The recording apparatus 1 according to the embodiment causes an image, or the like, to be recorded on a medium by alternately repeating a main scanning operation in which the recording head 7 is moved in the main scanning direction by driving the carriage motor 30 while causing liquid to be ejected from the recording head 7, and a sub-scanning operation in which the adhesive belt 2 on which a medium is mounted is transported in the sub-scanning direction.

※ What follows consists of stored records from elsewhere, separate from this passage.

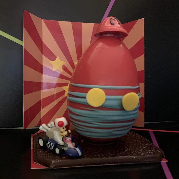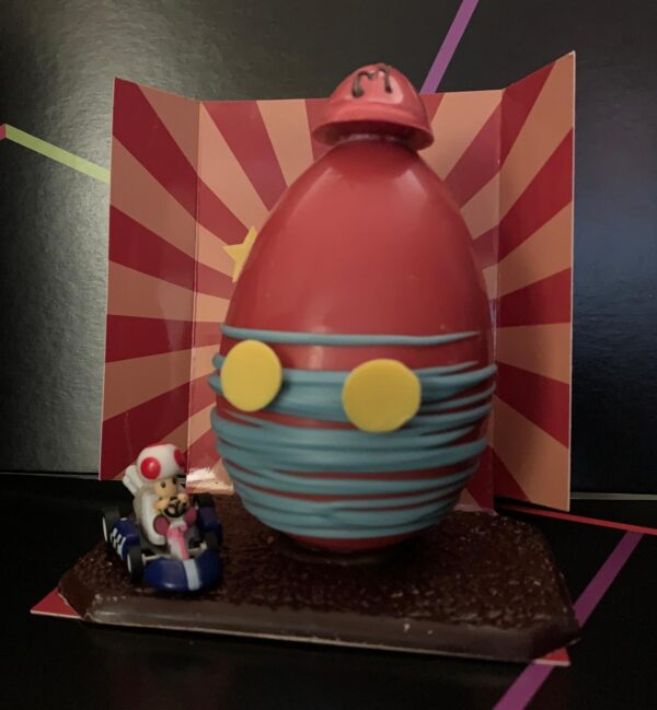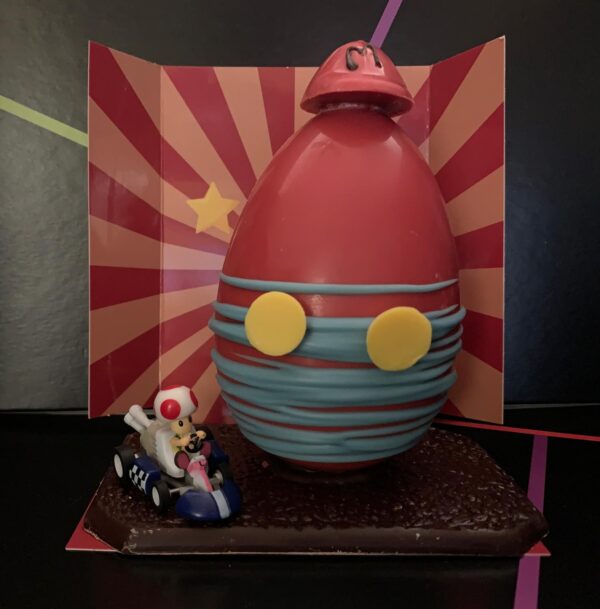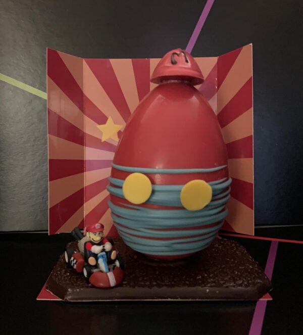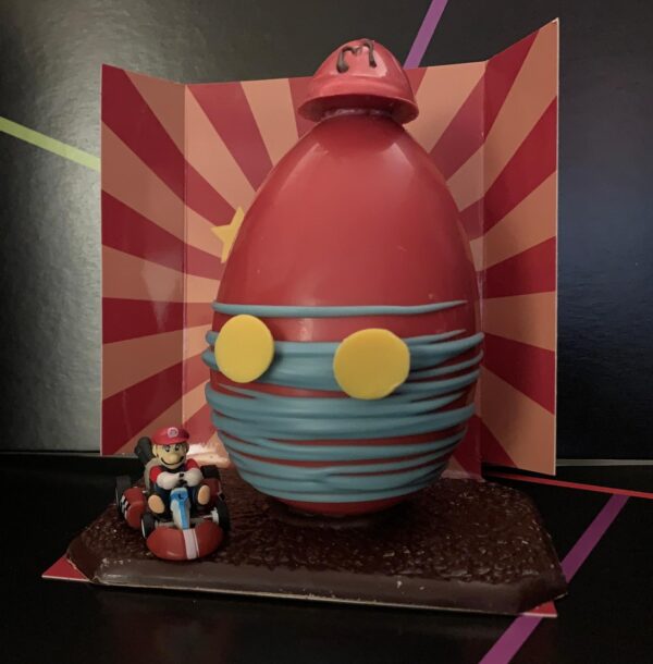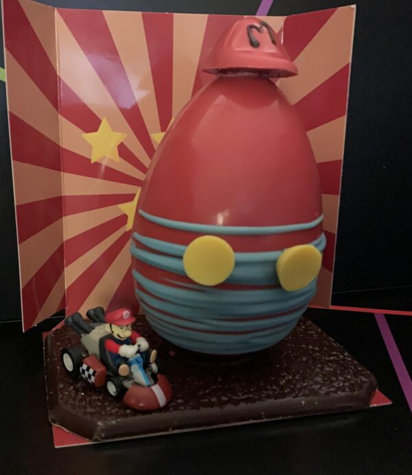 Figura de huevo hecho con chocolate negro y blanco decorado con la temática, mide 12 x 8x 13 alto cm. Pesa 145 gramos. Viene acompañado en su caja y muñeco correspondiente , no siempre será el muñeco de Mario Bros puede ser cualquier personaje Luigi,princesaPeach,Bowser,Toad,Yoshi,Donkeykong.
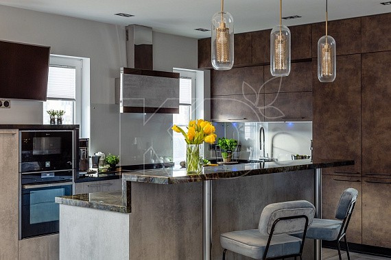 Сделать кухонное пространство визуально более привлекательным можно с помощью сочетания разнообразных металлических элементов. Дизайнеры предлагают комбинировать нержавеющую сталь, латунь, бронзу, белые металлы с ручной полировкой и брашированием.
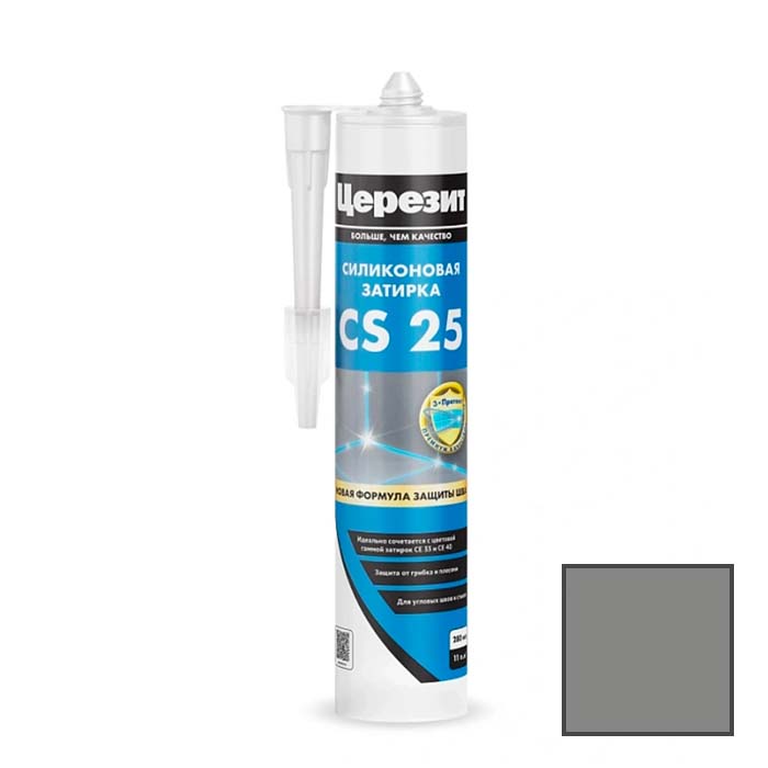 Цветная затирка с усиленным противогрибковым эффектом для герметизации угловых швов и стыковСиликоновая затирка CS 25 предназначена для герметизации угловых, деформационных и примыкающих к санитарно-техническому оборудованию (ваннам, раковинам и др.) швов плиточных облицовок в помещениях с повышенной влажностью: ванных комнатах, душевых, кухнях, туалетах и т.д. Обладает высокой адгезией к эмалированным поверхностям, стеклу, фарфору и фаянсу.
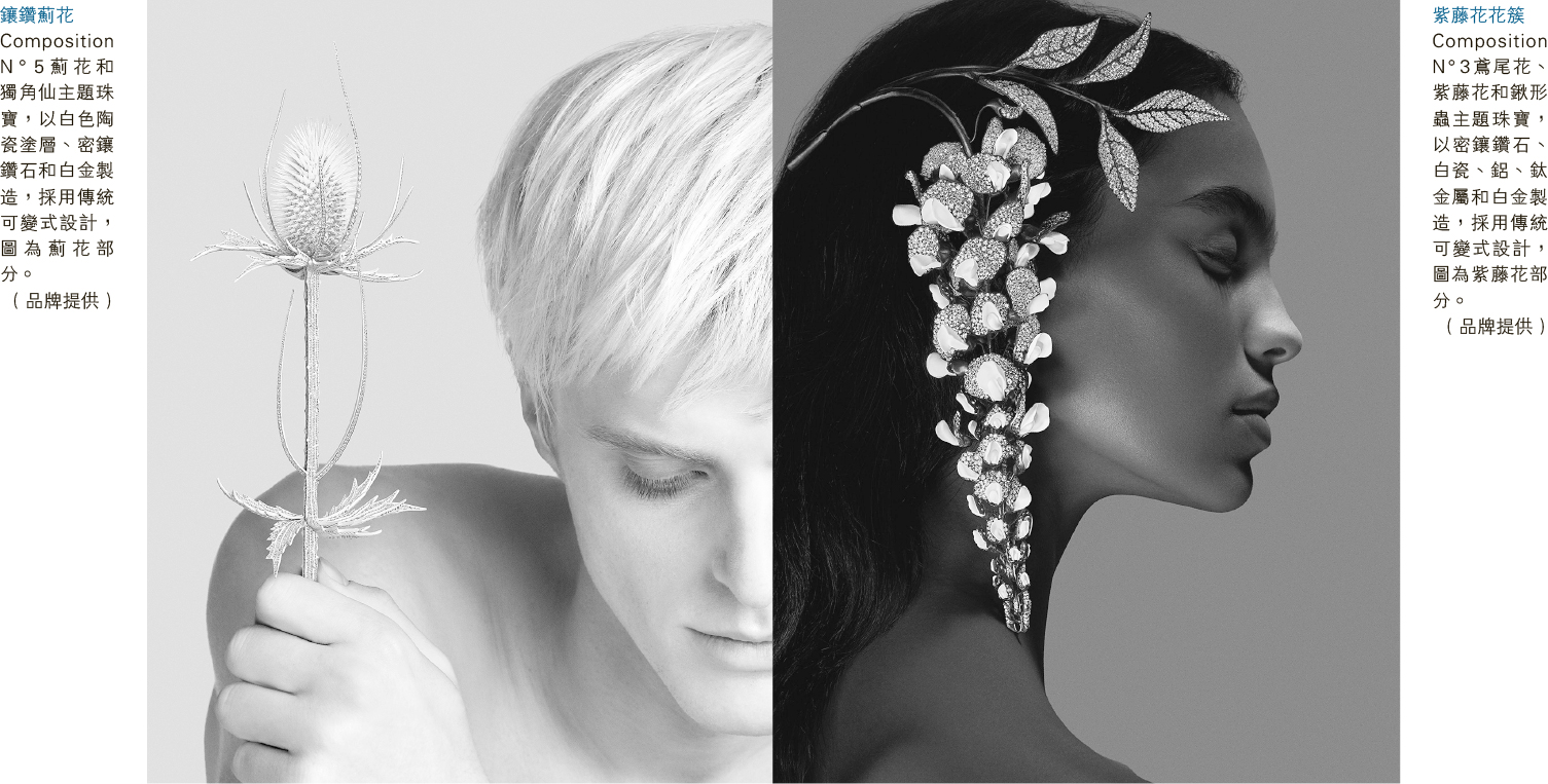 Composition N°3的主角包括鳶尾花和紫藤花,以白金鑲嵌的鑽石在鳶尾花花瓣勾勒出優美白線,小巧花蕊以黑色DLC塗層鈦金屬製造,葉片上更鑲嵌兩行粒鑲鑽石和兩顆水滴形白水晶,塑造晶瑩露珠的詩意畫面。紫藤花花簇則由約100個人手組裝的獨立組件組成,重現紫藤花自然垂落的飄然美態。為了在Composition N°2中重現玉蘭花的形態,工匠先掃描真正的玉蘭樹,包括枝椏、花朵和花蕾,以雪花鑲嵌技巧將鑽石鑲嵌於鋁金屬上;白金花心內的鑽石則採用反向鑲嵌,鑽石尖底朝外,帶來意想不到的閃爍效果。來到最後的Composition N°1,Claire刻意令光線在以罌粟花、豌豆花、蝴蝶為主角的珠寶中徹底消失。罌粟花朵的啞黑色鈦金屬花瓣內側先添上人手蝕刻的脈絡,再塗上Vantablack塗層,能吸收99.965%的光線,令物質猶如消融於虛無之中。在近乎全黑無光的設計中,一隻蝴蝶如幽靈般飛舞,透明黑色玻璃蝶翅亦呈現拋光紋理,與啞光表面形成強烈對比。6套珠寶逐漸由極光漸變至極黑,呼應萬物終會消逝的侘寂主題。●
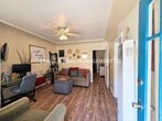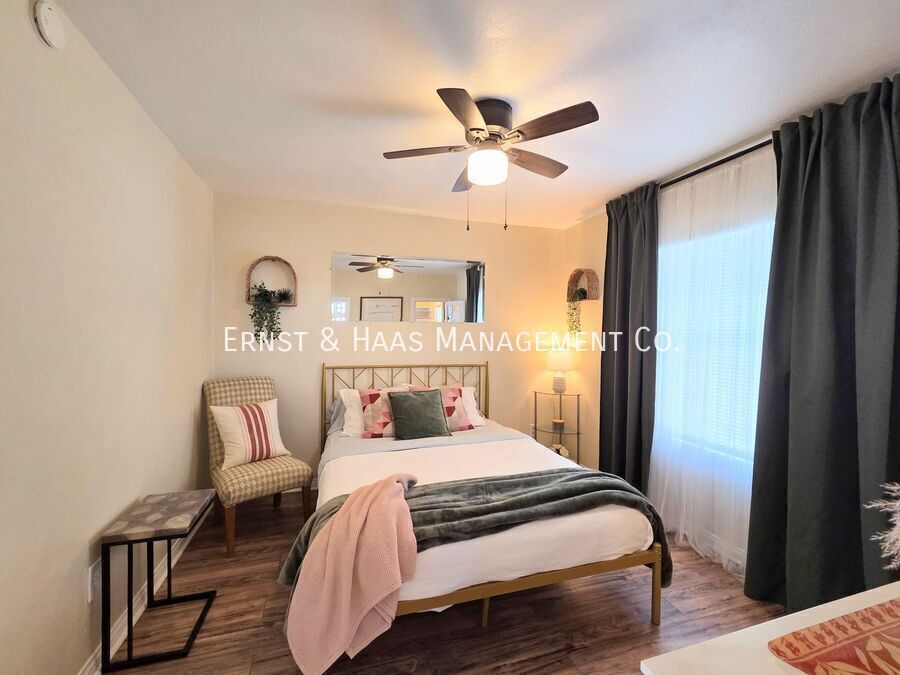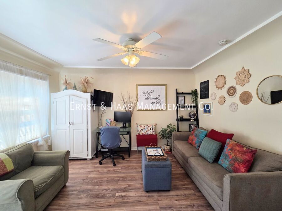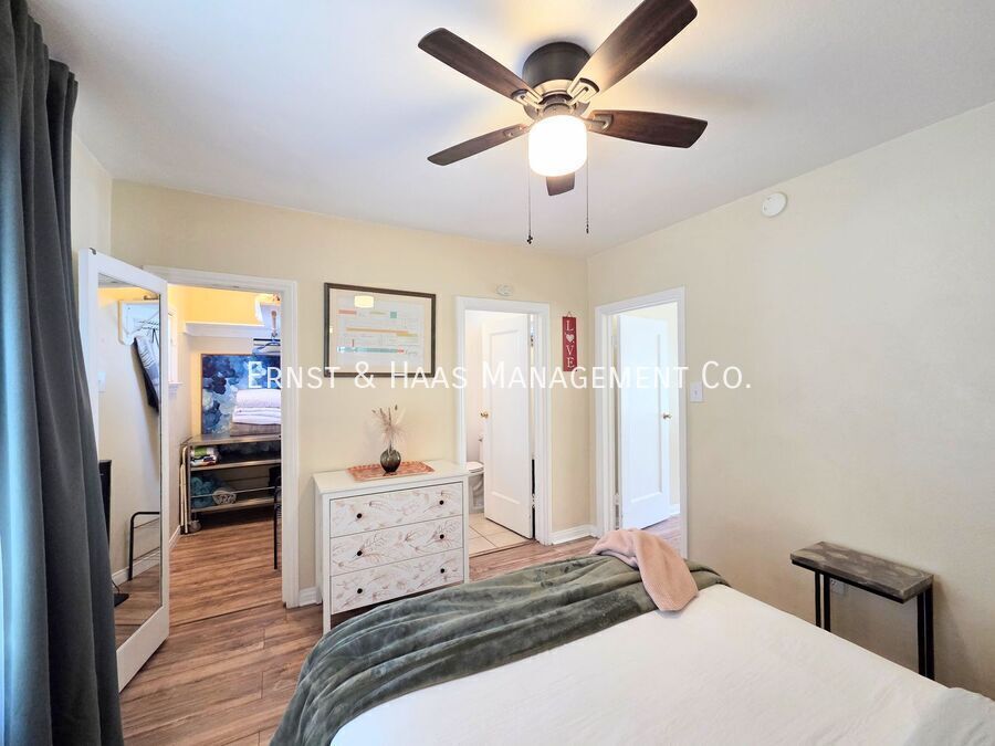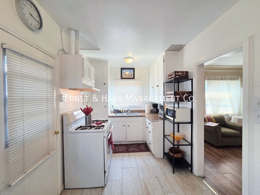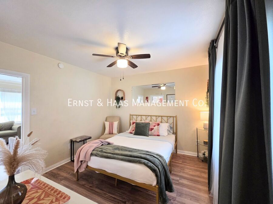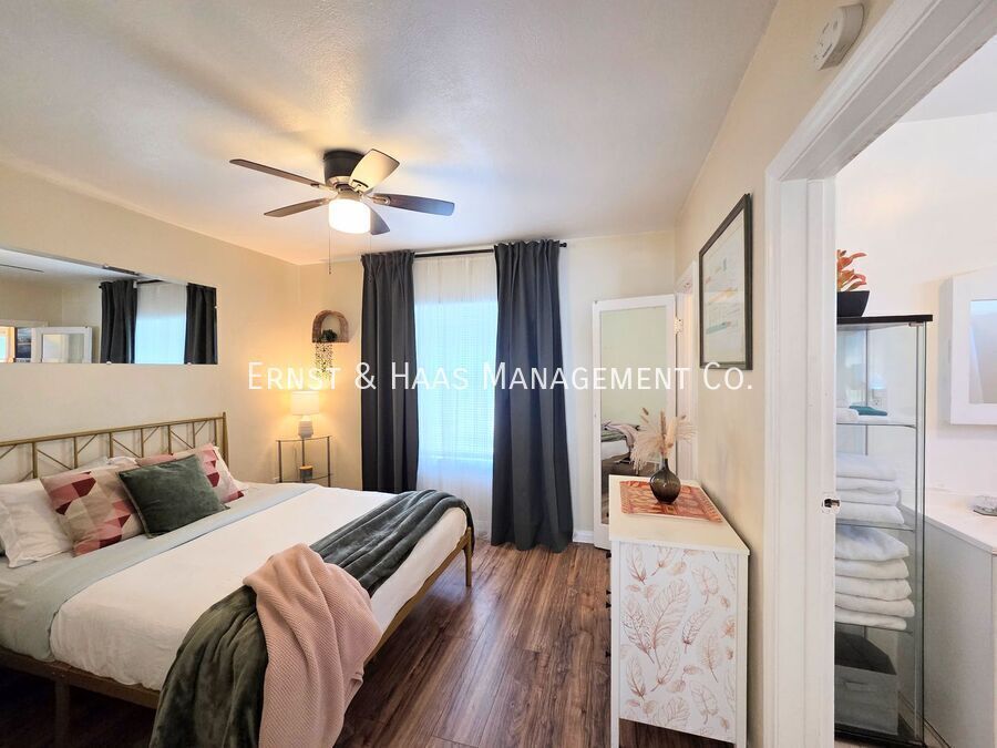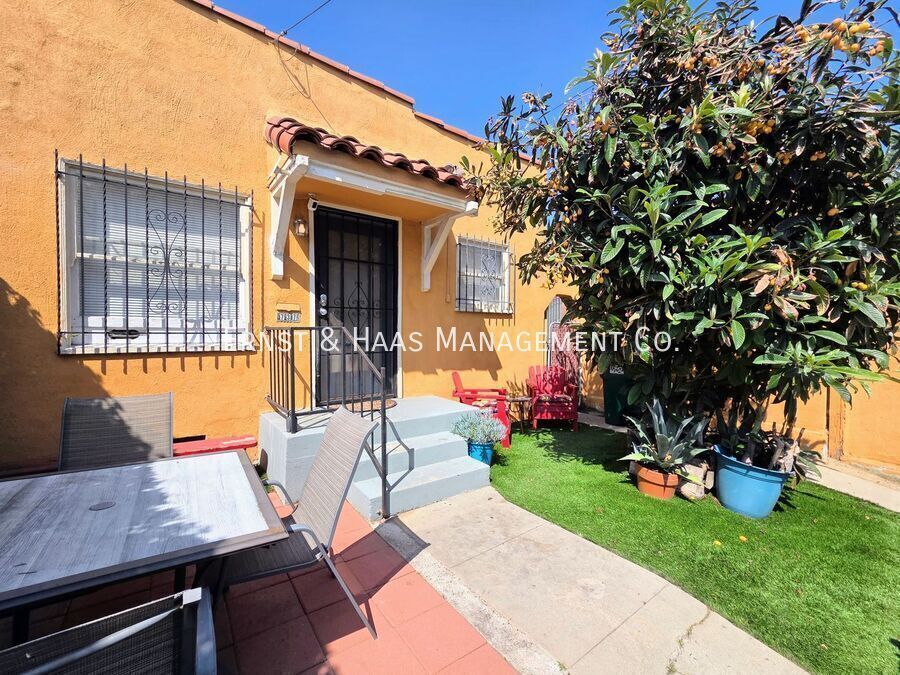 Charming 1-bedroom cottage-style duplex unit with a private, fenced front yard, offering both comfort and convenience in a highly walkable neighborhood. The interior features original hardwood floors, window blinds, ceiling fans, and a well-sized living area that feels open and inviting. The kitchen comes equipped with a stove and refrigerator, includes a cozy in-kitchen dining area, and has a rear door that leads directly to the side yard for added accessibility. The bedroom is generously sized and includes a ceiling fan and a walk-in closet. The bathroom has been updated with an upgraded tub and vanity mirror, providing a clean, refreshed feel. Water is included in the rent. Ideally located with a Walk Score of 92, this home is just one mile from the beach and within close proximity to shopping, restaurants, and coffee shops. Laundry facilities are conveniently located just 0.3 miles away (approximately a 7-minute walk or 2-minute drive). For more information on this or any other available property, please contact Ernst & Haas Management at , or visit us online at

The transport mechanism 3 transports a medium in the sub-scanning direction by intermittently transporting the adhesive belt 2, corresponding to the main scanning operation of the carriage 6. In addition, in the following descriptions, extremely small liquid droplets which are generated when liquid is ejected from the recording head 7, and which float in the inside of the recording apparatus 1 will be referred to as "mist".
An air blowing unit 12 which extends in the main scanning direction B, and blows air in the direction opposite to the transport direction A from a plurality of vents (not illustrated) is provided at position on the lower part of the pipe 11b. In addition, a collecting unit 13 which extends in the main scanning direction B, and can collect mist which is ejected from the recording head 7 is provided at position on the lower part of the pipe 11a. In addition, a collecting port 16 which extends in the main scanning direction B at the position on the lower part of the pipe 11a is provided in the collecting unit 13.
In addition, as illustrated in Fig. 4, a plurality of (three) blower fans 14 which generate a blowing force using the air blowing unit 12 are provided on the downstream side (front side) in the transport direction A of the recording apparatus 1 according to the embodiment. Due to the blowing force which is generated by the blower fan 14, the air blowing unit 12 can blow air toward the collecting port 16 from the outside of the collecting unit 13 (position on downstream side in transport direction A).
In addition, as illustrated in Fig. 5, a plurality of (three) suctioning fans 15 which generate an air current toward the inside of the collecting unit 13 from the collecting port 16, and toward the outside of the recording apparatus 1 from the inside of the collecting unit 13 are provided on the upstream side (rear side) of the recording apparatus 1 in the transport direction A.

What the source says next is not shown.